* [Exercise]:
Output the whole listing exactly, except for the pictures in it.

* [Given data]:

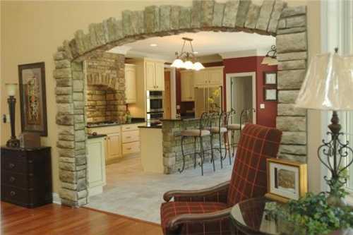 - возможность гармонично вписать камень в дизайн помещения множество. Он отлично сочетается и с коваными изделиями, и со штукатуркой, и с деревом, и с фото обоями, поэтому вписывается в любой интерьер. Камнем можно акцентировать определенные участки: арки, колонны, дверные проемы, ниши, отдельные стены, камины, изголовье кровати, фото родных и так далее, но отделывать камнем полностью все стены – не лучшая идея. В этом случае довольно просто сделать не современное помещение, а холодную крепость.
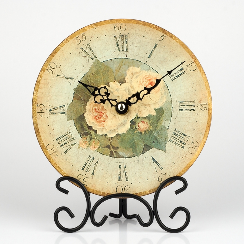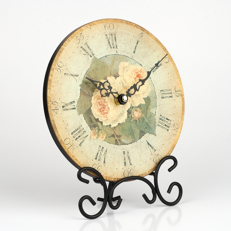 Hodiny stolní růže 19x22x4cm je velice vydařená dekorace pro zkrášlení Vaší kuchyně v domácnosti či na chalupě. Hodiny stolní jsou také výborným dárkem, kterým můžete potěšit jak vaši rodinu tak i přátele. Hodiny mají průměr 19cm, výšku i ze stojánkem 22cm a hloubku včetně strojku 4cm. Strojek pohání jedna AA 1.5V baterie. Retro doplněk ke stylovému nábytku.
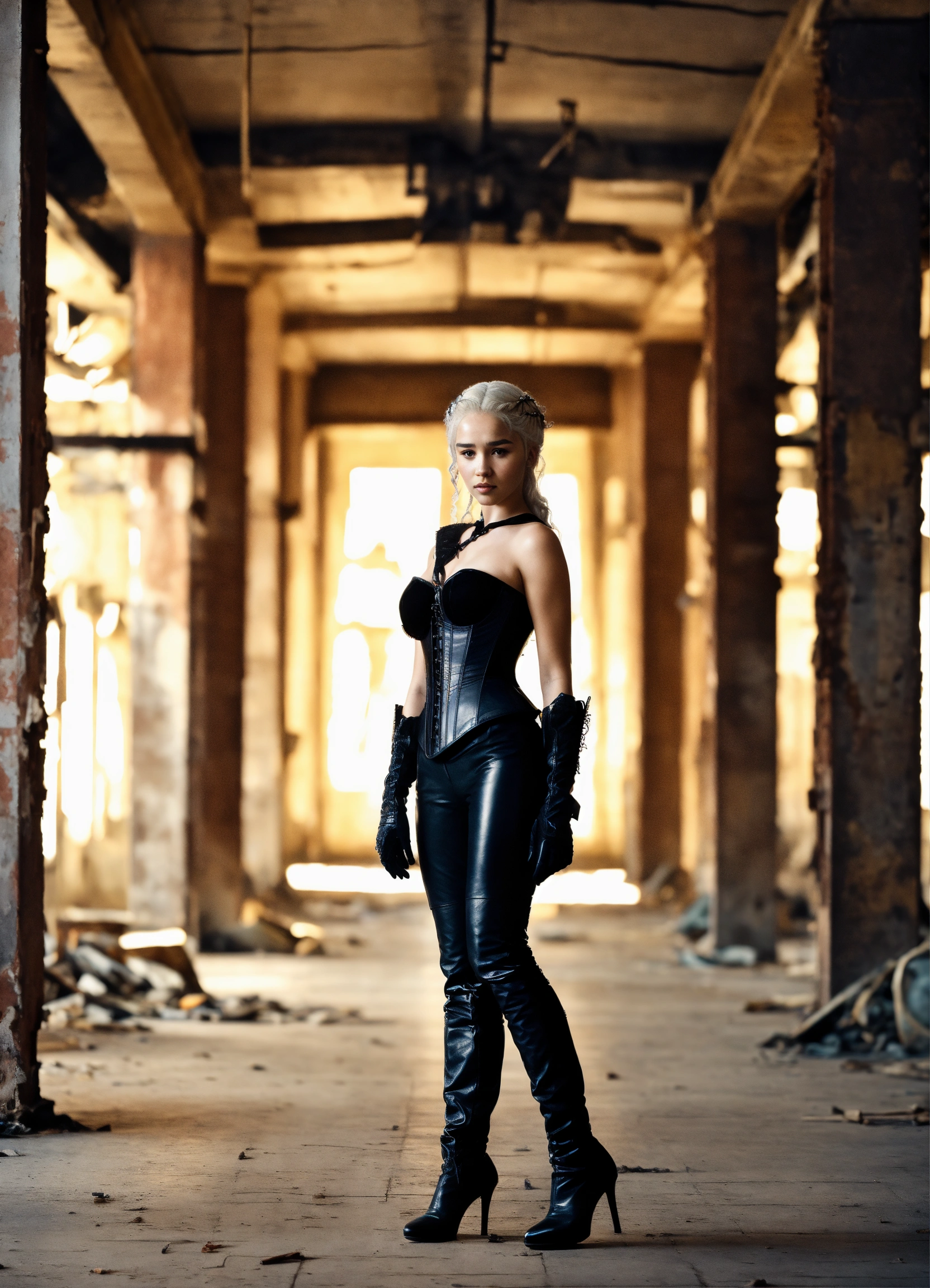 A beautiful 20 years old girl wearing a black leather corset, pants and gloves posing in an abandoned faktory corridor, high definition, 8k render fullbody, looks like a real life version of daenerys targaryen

* [Solution for this exercise]:
 - возможность гармонично вписать камень в дизайн помещения множество. Он отлично сочетается и с коваными изделиями, и со штукатуркой, и с деревом, и с фото обоями, поэтому вписывается в любой интерьер. Камнем можно акцентировать определенные участки: арки, колонны, дверные проемы, ниши, отдельные стены, камины, изголовье кровати, фото родных и так далее, но отделывать камнем полностью все стены – не лучшая идея. В этом случае довольно просто сделать не современное помещение, а холодную крепость.
 Hodiny stolní růže 19x22x4cm je velice vydařená dekorace pro zkrášlení Vaší kuchyně v domácnosti či na chalupě. Hodiny stolní jsou také výborným dárkem, kterým můžete potěšit jak vaši rodinu tak i přátele. Hodiny mají průměr 19cm, výšku i ze stojánkem 22cm a hloubku včetně strojku 4cm. Strojek pohání jedna AA 1.5V baterie. Retro doplněk ke stylovému nábytku.
 A beautiful 20 years old girl wearing a black leather corset, pants and gloves posing in an abandoned faktory corridor, high definition, 8k render fullbody, looks like a real life version of daenerys targaryen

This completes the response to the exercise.